▶ Given records:
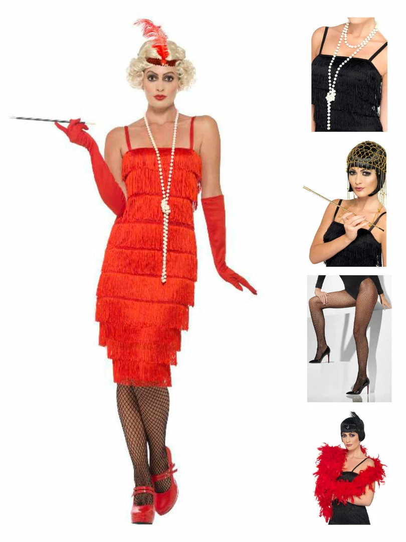Look like you’ve just stepped out of Gatsby’s mansion in this red flapper costume. Costume comes complete with dress, headbandand and gloves. Finish the look with tights, necklace & feather boa!
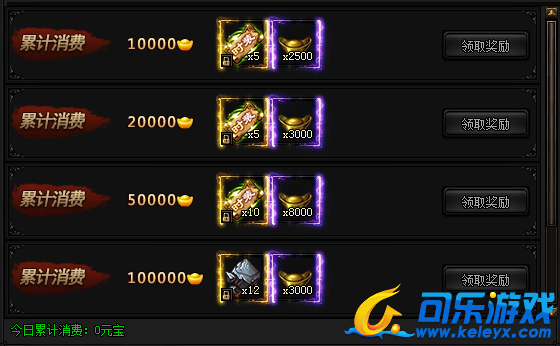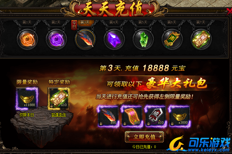 活动期间,每日累计充值指定数额元宝即可领取奖励!
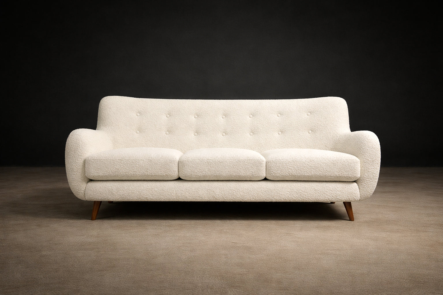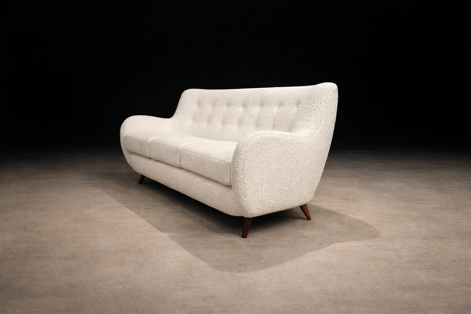 Sofa in Hardwood and Off-White Bouclé by Giuseppe Scapinelli, Brazil, 1950s - Lot 525B
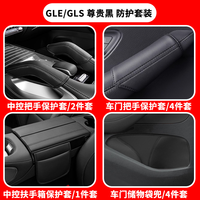 • 메르세데스-벤츠 GLE/GLS--중앙 제어 핸들 장갑 + 팔걸이 박스 커버 [노블 블랙] 3종 세트
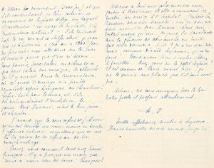 Belle correspondance à la grande pianiste, parmi laquelle de nombreuses pensées pour son regretté mari, Joseph de Marliave, tombé à la guerre dès 1914. Au fil de ses courriers, Roger-Ducasse évoque le conflit mondial, sa mauvaise santé, leurs projets musicaux respectifs, l’accueil de ses pièces en concert, et lui recommande quelques élèves pour son école de musique.... Nous ne pouvons en donner ici qu’un aperçu. En 1915, à propos de ses projets de révision d’œuvres de Schubert chez l’éditeur Durand. Mardi soir. « J’avais écrit à Jacques Durand, au sujet des mélodies de Schubert. Et voici qu’il me répond ce qu’il m’avait déjà répondu, à savoir que le public est habitué à la traduction de Schubert et de Schumann et qu’une nouvelle traduction ne se vendrait pas. J’ai eu beau lui dire qu’il s’agissait de mélodies jusqu’ici peu traduites : il répond que le volume édité chez lui est ce qu’il y a de mieux dans les mélodies de Schubert : là, il se trompe »... Il est également question dans plusieurs courriers d’un manuscrit musical – « un choral et variations en leçon de solfège », transformé plus tard en variations pour piano – qu’il tente de soumettre à Durand, lequel ne lui en propose pas assez. Son contrat ne l’engageant pas exclusivement, il tente, par l’intermédiaire de sa correspondante, de le soumettre à Sénart, qui lui avait déjà fait de « fortes avances »... Vendredi soir. « J’envoie au diable l’édition de Schubert qui me rase et pour laquelle il m’a offert 200 frs !...Voilà où en sont mes affaires : cela m’a étonné de sa part, même avec les pertes que la guerre peut lui apporter »... [15 mai 1915], remerciant pour la peine « que vous avez prise à mettre sur doigts mon Étude. Je reçois à l’instant un mot de J.D. me disant que vous avez supérieurement joué [...] et qu’il accepte mes conditions »... – Représentation de La Salamandre : « Triomphe ! On m’a poussé sur la scène et j’ai dû saluer et sourire ! C’est pourri ! Enfin ! Lambinet jubilait et cela m’a consolé de ce succès criant »... Il tente, par de nombreuses lettres, de réconforter son amie, après la mort de son mari : « Il m’ennuie, cependant, de penser que vous n’allez pas et que rien ne peut vous aider à reprendre votre vie. Je ne compte plus maintenant que sur le temps et j’ai honte de le dire, car il devrait y avoir des peines éternelles ! [...] Il faut vivre et je le répète, la vie, inflexible, continue »... Dès qu’il sera achevé il lui enverra son Nocturne de Printemps qui sera « beaucoup plus dans votre genre »... Mercredi. Durand lui a appris qu’elle avait accepté de jouer chez lui le Tombeau, en même temps que son Quatuor [Tombeau de Couperin de Ravel]... Il se remémore l’audition de ce morceau avec Joseph, « son émotion à l’adagio, et cet adagio m’est cher puisqu’il avait trouvé le chemin de son cœur – il y a ainsi quelques œuvres qui nous font souvenir de ceux qui les ont aimées, et n’est-ce pas là la raison qui leur donne à nos yeux quelque prix »... Dimanche soir. Félicitations pour la décoration posthume de Joseph : « J’y vois aussi pour vous un encouragement et une possibilité de travail : sa gloire appelle et commande la vôtre, car sommes-nous assurés que les morts n’agissent pas sur les vivants ? »... Paris 22 août. « Longtemps, très longtemps, mon cœur s’est refusé à admettre la disparition de ce cher Jo, qu’on ne pouvait pas ne pas aimer... chaque fois que j’achève une œuvre quelconque, je me pose aussitôt la question : eût-il aimé ça ? Et je regrette de ne plus lire dans ses yeux, car ce sentiments étaient silencieux, cette émotion si précieuse pour moi, et que je lui avais vue à mes deux quatuors »... Samedi soir. Abruti de travail, il orchestre et transcrit une Fantaisie qu’il souhaiterait lui faire jouer... Il a reçu des nouvelles de Fauré « qui, (dit-il) se réjouit d’être enfin libéré de la servitude du Conservateur »... Etc. On joint une L.A.S. à un Docteur (1953), une carte de visite a.s. (et une de sa femme Marguerite).

▶ Work to be completed: Give the lines again exactly, beginning with the first line of the records above and ending with the line that contains "[노블 블랙] 3종 세트", and include no pictures.

▶ Task output:
Look like you’ve just stepped out of Gatsby’s mansion in this red flapper costume. Costume comes complete with dress, headbandand and gloves. Finish the look with tights, necklace & feather boa!
 活动期间,每日累计充值指定数额元宝即可领取奖励!
 Sofa in Hardwood and Off-White Bouclé by Giuseppe Scapinelli, Brazil, 1950s - Lot 525B
 • 메르세데스-벤츠 GLE/GLS--중앙 제어 핸들 장갑 + 팔걸이 박스 커버 [노블 블랙] 3종 세트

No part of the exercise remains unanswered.